> [Task]: Pictures are to be left out, and only the lines below starting at the one with "Fruit set and" and ending at the one with "Celebrate a 30th" are to be reproduced, each exactly, both ends included.

> [Exercise data]:
+===+
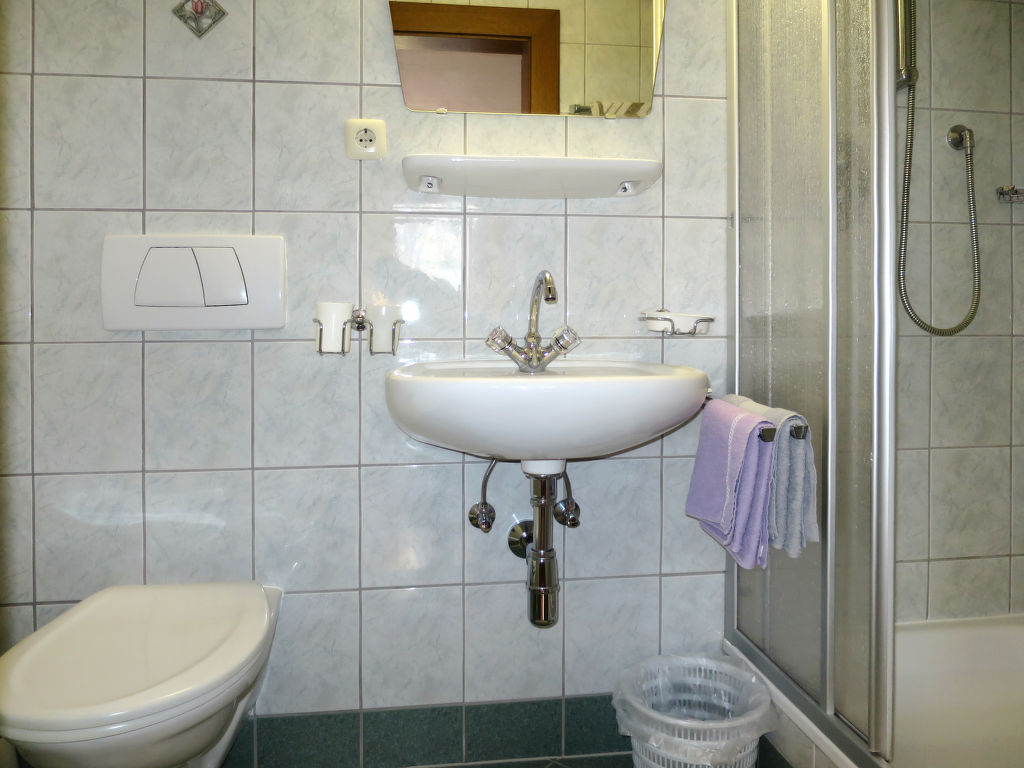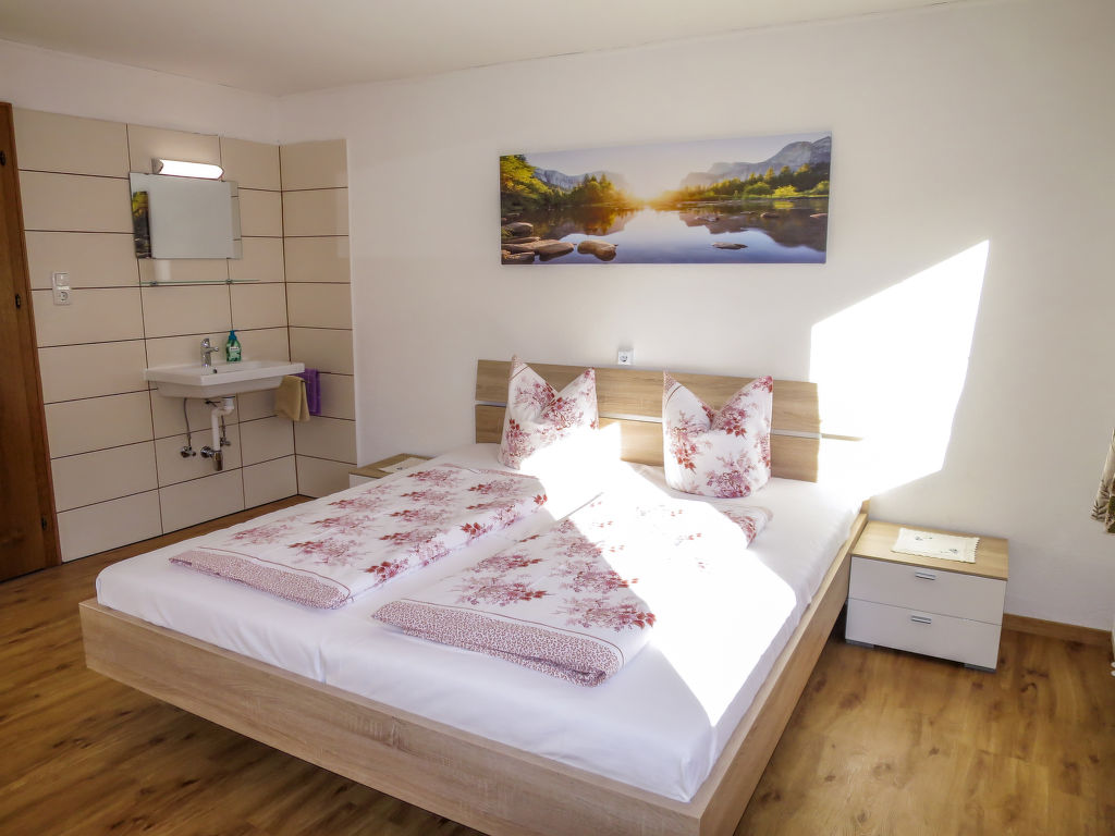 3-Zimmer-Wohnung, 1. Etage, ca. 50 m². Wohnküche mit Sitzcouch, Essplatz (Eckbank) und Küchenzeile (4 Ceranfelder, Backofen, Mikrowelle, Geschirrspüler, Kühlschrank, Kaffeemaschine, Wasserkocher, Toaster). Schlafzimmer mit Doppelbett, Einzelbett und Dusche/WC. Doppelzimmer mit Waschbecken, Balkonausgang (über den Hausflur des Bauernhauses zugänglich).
+===+
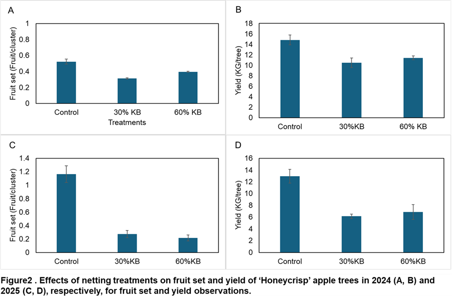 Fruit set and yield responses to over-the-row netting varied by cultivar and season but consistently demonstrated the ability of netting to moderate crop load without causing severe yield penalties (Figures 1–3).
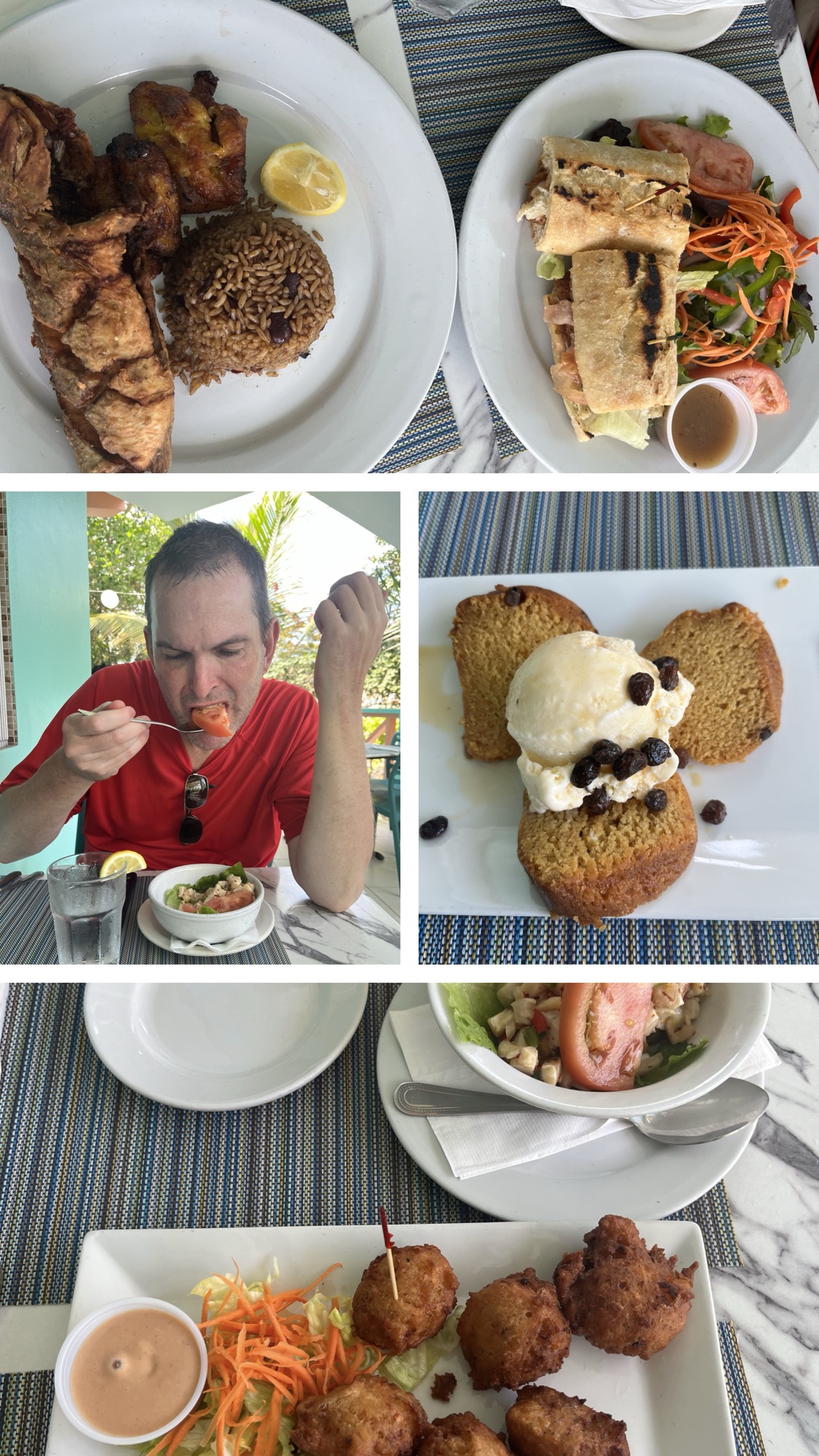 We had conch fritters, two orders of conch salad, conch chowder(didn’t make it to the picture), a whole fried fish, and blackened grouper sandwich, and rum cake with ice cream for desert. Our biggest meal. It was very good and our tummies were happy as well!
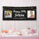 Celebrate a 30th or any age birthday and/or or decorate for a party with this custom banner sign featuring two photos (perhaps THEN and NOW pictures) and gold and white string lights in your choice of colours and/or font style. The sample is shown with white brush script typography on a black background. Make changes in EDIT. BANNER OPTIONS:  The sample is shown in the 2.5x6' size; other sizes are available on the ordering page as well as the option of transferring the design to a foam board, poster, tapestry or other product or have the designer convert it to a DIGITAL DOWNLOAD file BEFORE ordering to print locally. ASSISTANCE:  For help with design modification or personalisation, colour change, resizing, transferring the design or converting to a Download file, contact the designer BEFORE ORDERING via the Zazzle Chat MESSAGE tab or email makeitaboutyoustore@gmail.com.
+===+
> [Task output]:
 Fruit set and yield responses to over-the-row netting varied by cultivar and season but consistently demonstrated the ability of netting to moderate crop load without causing severe yield penalties (Figures 1–3).
 We had conch fritters, two orders of conch salad, conch chowder(didn’t make it to the picture), a whole fried fish, and blackened grouper sandwich, and rum cake with ice cream for desert. Our biggest meal. It was very good and our tummies were happy as well!
 Celebrate a 30th or any age birthday and/or or decorate for a party with this custom banner sign featuring two photos (perhaps THEN and NOW pictures) and gold and white string lights in your choice of colours and/or font style. The sample is shown with white brush script typography on a black background. Make changes in EDIT. BANNER OPTIONS:  The sample is shown in the 2.5x6' size; other sizes are available on the ordering page as well as the option of transferring the design to a foam board, poster, tapestry or other product or have the designer convert it to a DIGITAL DOWNLOAD file BEFORE ordering to print locally. ASSISTANCE:  For help with design modification or personalisation, colour change, resizing, transferring the design or converting to a Download file, contact the designer BEFORE ORDERING via the Zazzle Chat MESSAGE tab or email makeitaboutyoustore@gmail.com.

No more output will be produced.